Methotrexate is a more affordable and familiar therapy, and Dr. Doortje Krijbolder and colleagues from Leiden in the Netherlands presented a proof-of-concept double-blinded RCT, looking at patients with MRI-detected subclinical joint inflammation and treated for one year with methotrexate, before being followed for a further year (Krijbolder et al. OP0070). While this did not show any difference in RA development at the end of the total 24 month study period, it did lead to substantial improvements in physical function, pain, morning stiffness, and presenteeism. It raises a question as to whether, despite conventional wisdom, there might be value in using methotrexate to treat patients without clinical synovitis.

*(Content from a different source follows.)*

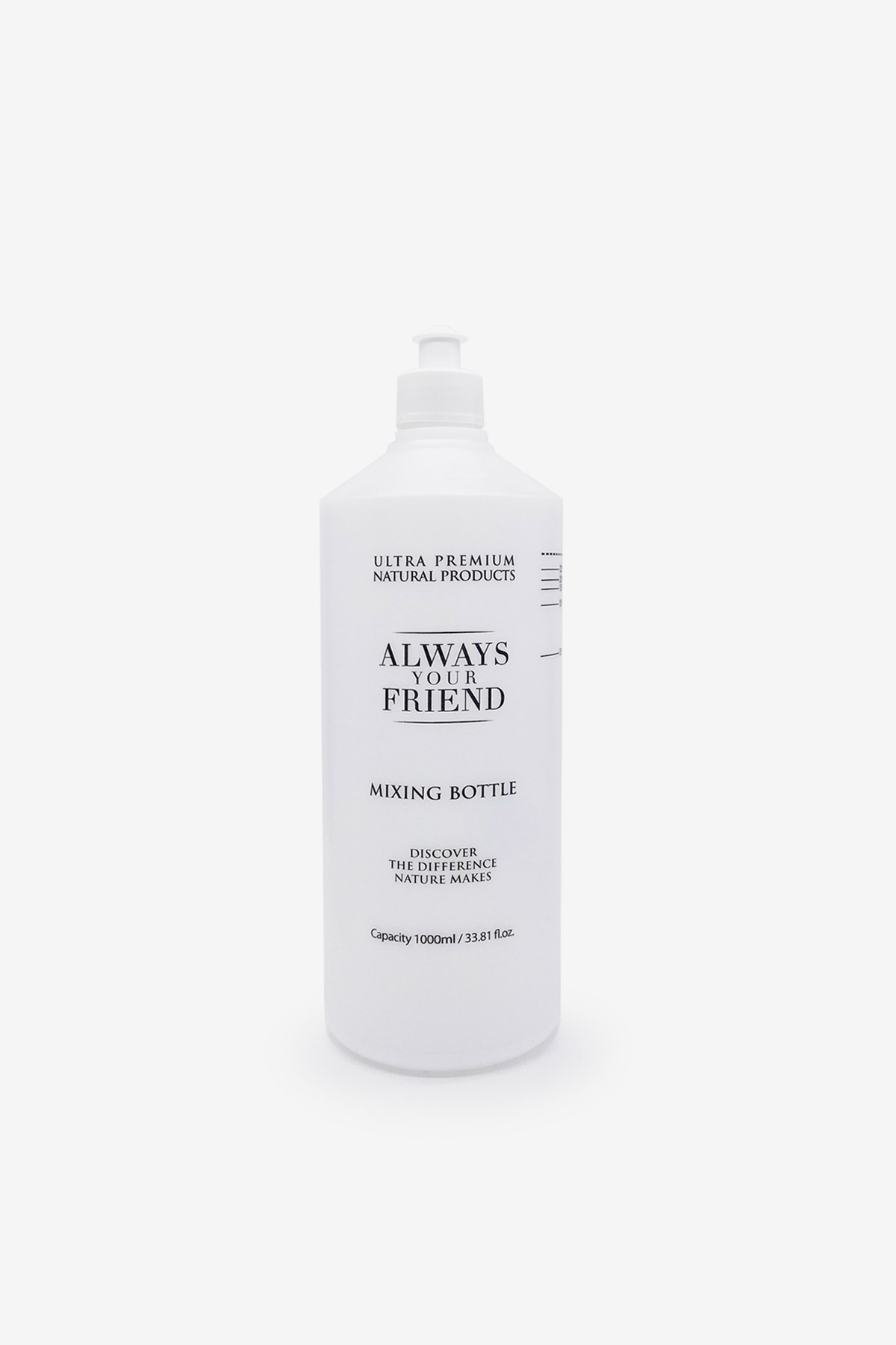 Always your friend mixing bottle makes it quick and easy to dilute and blend shampoos or other products. The bottle features ratio lines for 50:1, 40:1, 32:1, 20:1, 15:1, 10:1, and 5:1. Fill with water to the appropriate dilution level and add concentrate to the product filling line, shake well, and apply to the coat.

In a survey I ran during the meeting, I asked Twitter what they would recommend methotrexate to a patient with 12 weeks of inflammatory-sounding arthralgias, functional impairment, high-titer rheumatoid factor and ACPA, osteitis on MRI, but no clinical synovitis on exam. An overwhelming majority (72%) of the 178 participants voted yes, with only 3% ruling out therapy. In an anonymous poll which is prone to unveil candid honesty, rheumatologists seemed to suggest that the absence of clinical synovitis does not prevent them from prescribing DMARDs.

https://twitter.com/drdavidliew/status/1532117347842015238

Finally, it should be noted that when all else fails in healthcare, the market solution is vitamins – usually without any evidence. In contrast, at the meeting Dr. Karen Costenbader presented further analyses from the VITAL study, which examined the role of vitamin D and fish oil supplementation in vitamin D replete healthy people (Costenbader et al. OP0038). Further analyses presented at this meeting showed a trend towards benefit of vitamin D 2000 IU daily in preventing the development of incident rheumatoid arthritis, although no effect from omega-3 supplementation. While even before the VITAL study the merits of vitamin D supplementation in healthy people remained a point of substantive contention in the broader medical community, these data will just fuel further questions about how most rheumatoid arthritis develops in the first place.